FWIW, the line I saw Sunday night was 7 points with the Y favored.


----------



## Dodger (Oct 20, 2009)

wyoming2utah said:


> Splittin' hairs ain't ya? You mention that the utes lose and then want to talk about the ute fans not talking about it....still seems you are talking about the utes to me! Also, to split more hairs, I said that neither team is "worth" talking about...I never said I didn't want to talk about them.
> 
> I still say your original post comes across as holier than thou!


Actually I came here originally looking for insight from the Ute faithful on why things went south for them during the game last week. But, it seems like even the Utes here always want to talk about the Cougars. I want to know why none of the Utes here want to talk about their Utes?
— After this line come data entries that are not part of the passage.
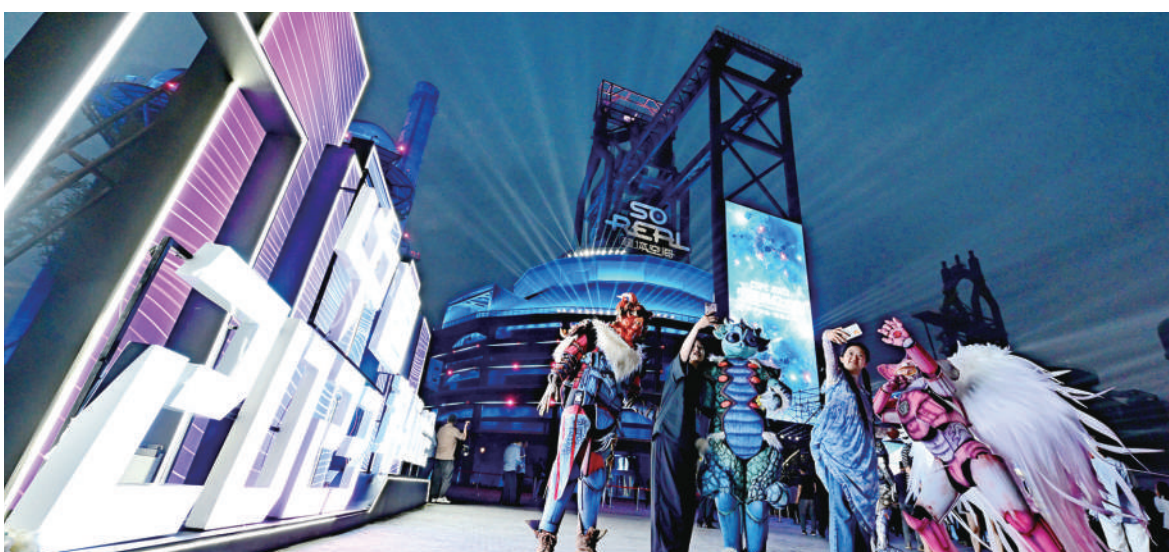
开幕式上科幻人物展示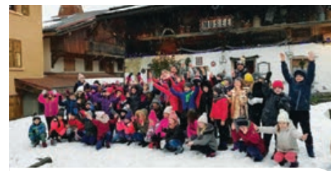
Du ski mais aussi des visites historiques et culturelles que les petits roscovites ont su apprécier !

Ce séjour est facilité grâce au jumelage Roscoff/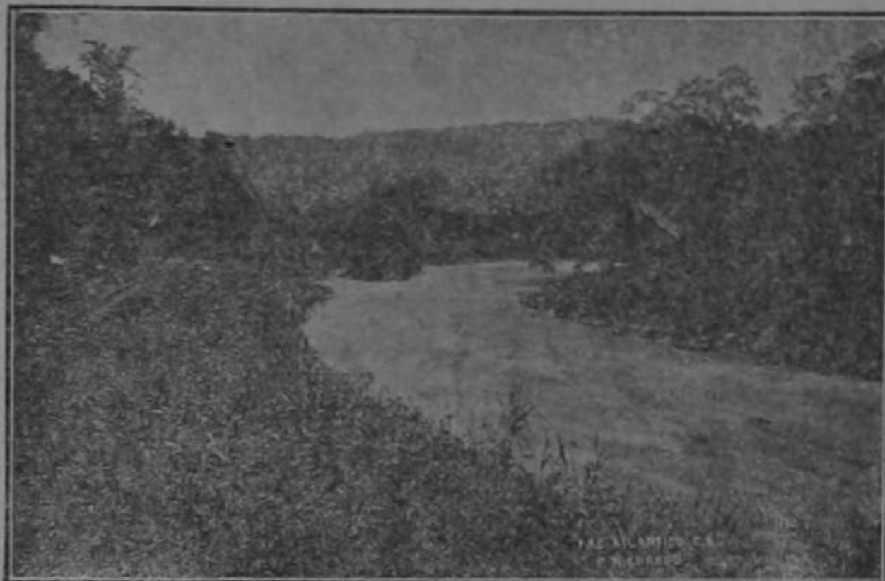
Vista en la línea del Ferrocarril á Limón

Y en medio de estos dos bandos, aparece en gestación ahora, ya en las postrimerías de la campaña, sin programa, sin derroteros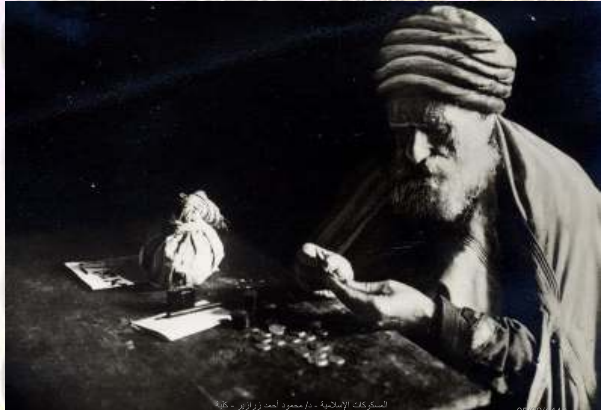
المسكوكات الإسلامية - د/ محمود أحمد زراير - كلية الأثار جامعة سوهاج الجزء الأول

So far the only reason is from the unlikeliest of sources. CS thinks it's because he's been elk hunting, which is odd considering he's had time to post about BYU. But, then he never has been high on intellectually honest scale.

Utes find holy where they want and anywhere they can. If they didn't, they'd lose all of their reasons to be offended.


----------



## wyoming2utah (Sep 12, 2007)

Dodger said:


> Actually I came here originally looking for insight from the Ute faithful on why things went south for them during the game last week. But, it seems like even the Utes here always want to talk about the Cougars. I want to know why none of the Utes here want to talk about their Utes?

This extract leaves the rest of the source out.